Марта чувствовала, как в ней пробуждается, потягивается, шевелится та самая драконья обида, о которой девочка столь бестактно напомнила. Марту охватила злоба, злобе аккомпанировало отчаяние.
Что же это за сраный мир, если все, с кем Марта перекидывается даже парой десятков слов, тут же начинают ее стыдить, обвинять и тыкать носом в ее пусть неблаговидные, но совершенно искренние поступки? Почему все внимание приковано к ней, а другие словно в тени? Почему бы этой девочке не приглядеться, скажем, к Михаилу? Или к отцу Марты? Или к Ире?
— Знаешь что? — спросила Марта вкрадчиво.
— Что? — Девочка подняла на нее глаза.
— Мне жаль, что я тебя спасла из болота. Тебе там было самое место!
С этими словами Марта ловко подхватила с земли свой рюкзак, где оставалось еще достаточно морошки, подняла посох и решительно ступила на ближайшую кочку. Та, как ни странно, не подвела. Раз-раз, два-два, ярость подхлестывала Марту, и вот она уже удалилась от сосновой полянки метров на пятьдесят.

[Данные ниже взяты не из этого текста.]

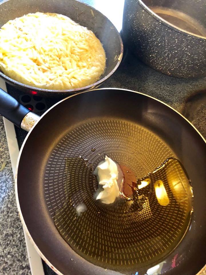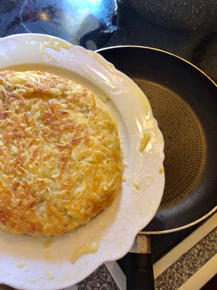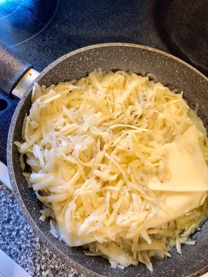 Βάζουμε στο τηγάνι λίγο λάδι μαζί με μία κουταλιά βούτυρο και μόλις λιώσει κάνουμε μία παχιά στρώση από την τριμμένη πατάτα στρώνοντας ομοιόμορφα -το τηγάνι να έχει μέγεθος μικρού πιάτου ρηχού.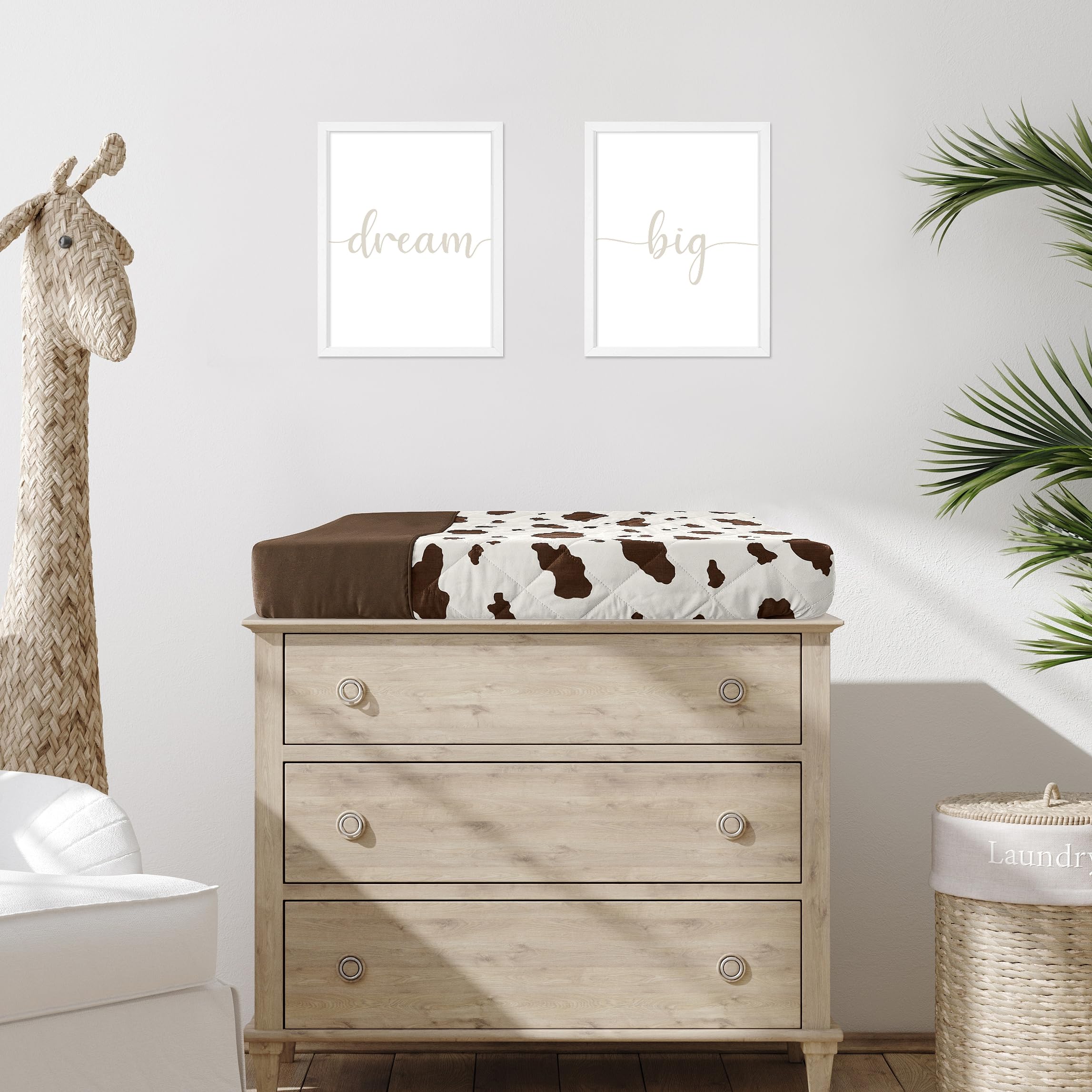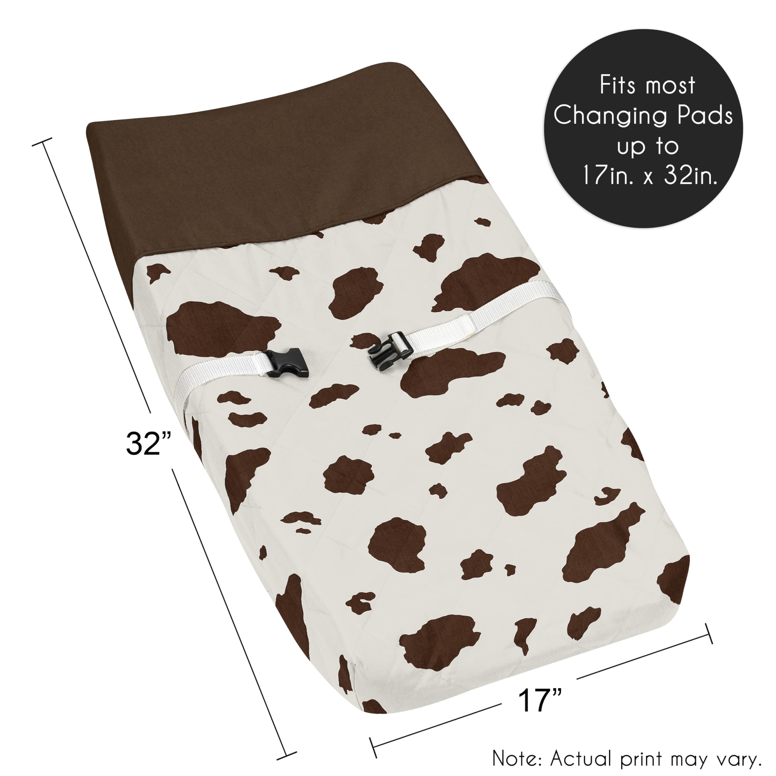 This brushed microfiber diaper pad cover features an exclusive design of a chocolate brown, beige, cream and off white vintage country animal cow print for wild west retro horse southwest Western Cowgirl Collection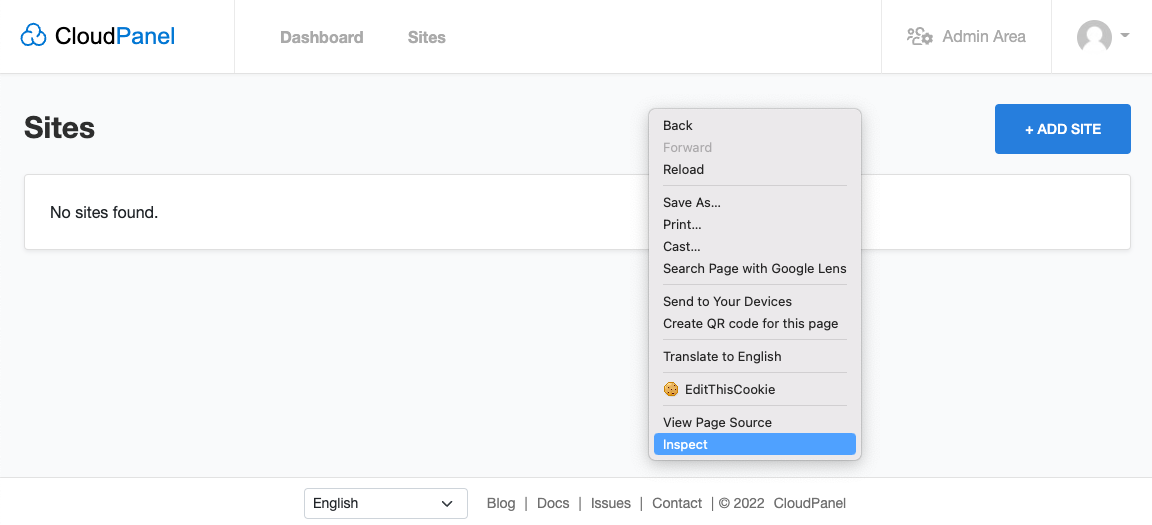 To check the CloudPanel performance, use the Google Chrome Browser, log into CloudPanel and click on Sites.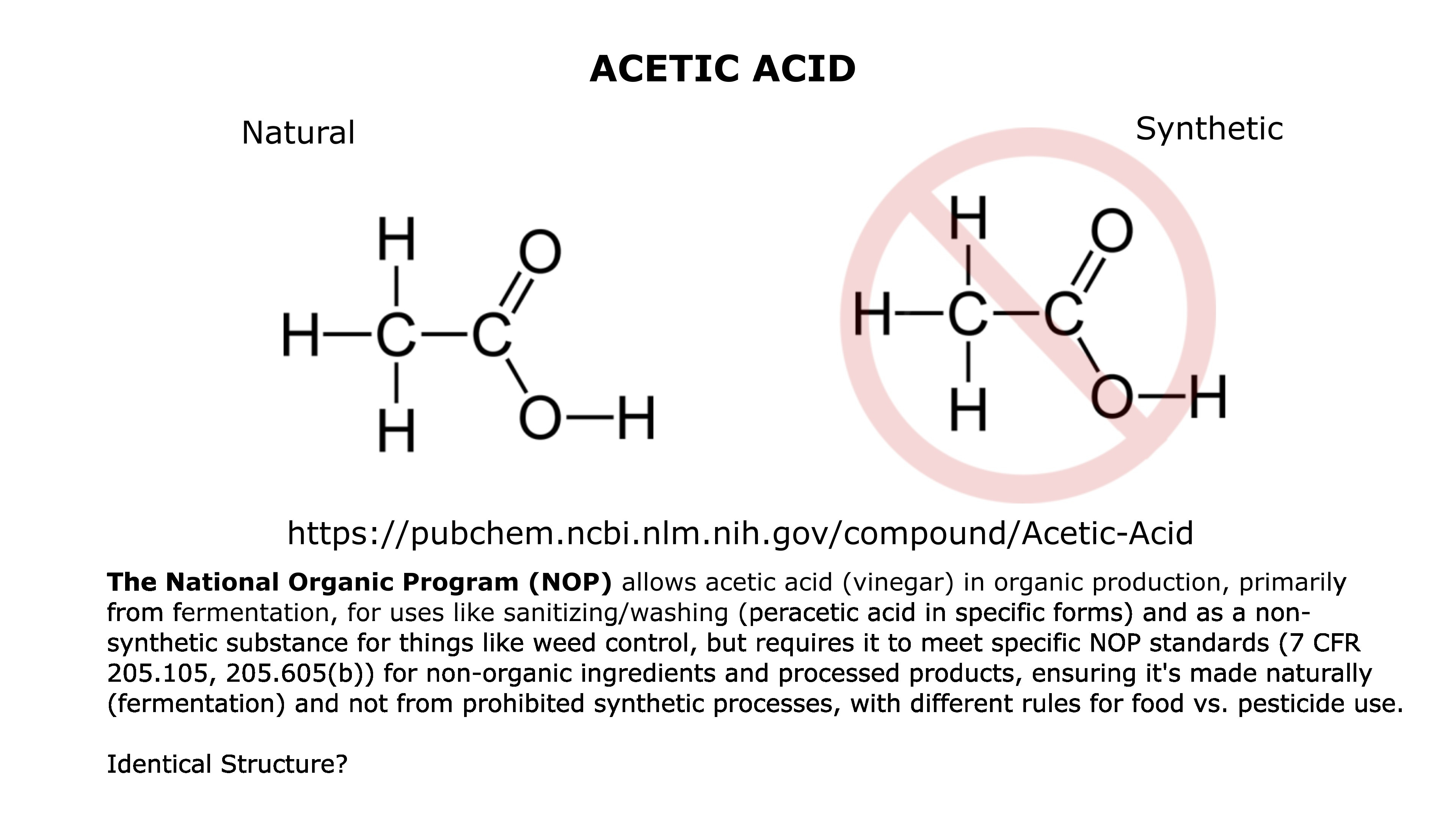 Today appears remarkably similar, and the word ‘natural’ itself continues to be used successfully in marketing.15 Let me add that National Organic Standards persists in treating identical molecules differently. For example, synthetic acetic acid (a 4-8% component of vinegar) is prohibited in some instances, yet any that occurs naturally through fermentation is acceptable.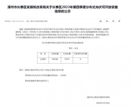 1月16日,福建省漳州市长泰区发展和改革局关于长泰区2023年第四季度分布式光伏可开放容量信息的公示。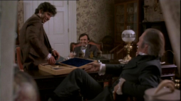George and Orry promptly ride off the the depot. That is when Virgilia turns to leave the house as well, but Constance sees that she wants to take costly wardrobe and silverware with her. Constance lets her go with that but makes very clear, that this was the very last time for Virgilia.

Как только ей попалась кочка более-менее устойчивая, она обернулась: девочка сидела под соснами и почесывалась, как пес.
— Так и будешь там сидеть?! — крикнула Марта, стараясь вложить в голос как можно больше насмешки.
— От этой воды все страшно зудит! — пожаловалась девочка.
— Я могу помочь тебе! У меня есть гель-антисептик! Но тебе стоило бы проявить хоть немного уважения к человеку, который тебя спас! — Голос Марты разносился над болотом, тревожа его позорное население.
— Марта, я не проявляла к тебе неуважения, — спокойно ответила девочка, — я всего лишь попросила тебя рассказать свою историю. Поверь мне, — она понизила голос так, что Марта едва ее слышала, — сейчас только это может тебе помочь.
— Почему?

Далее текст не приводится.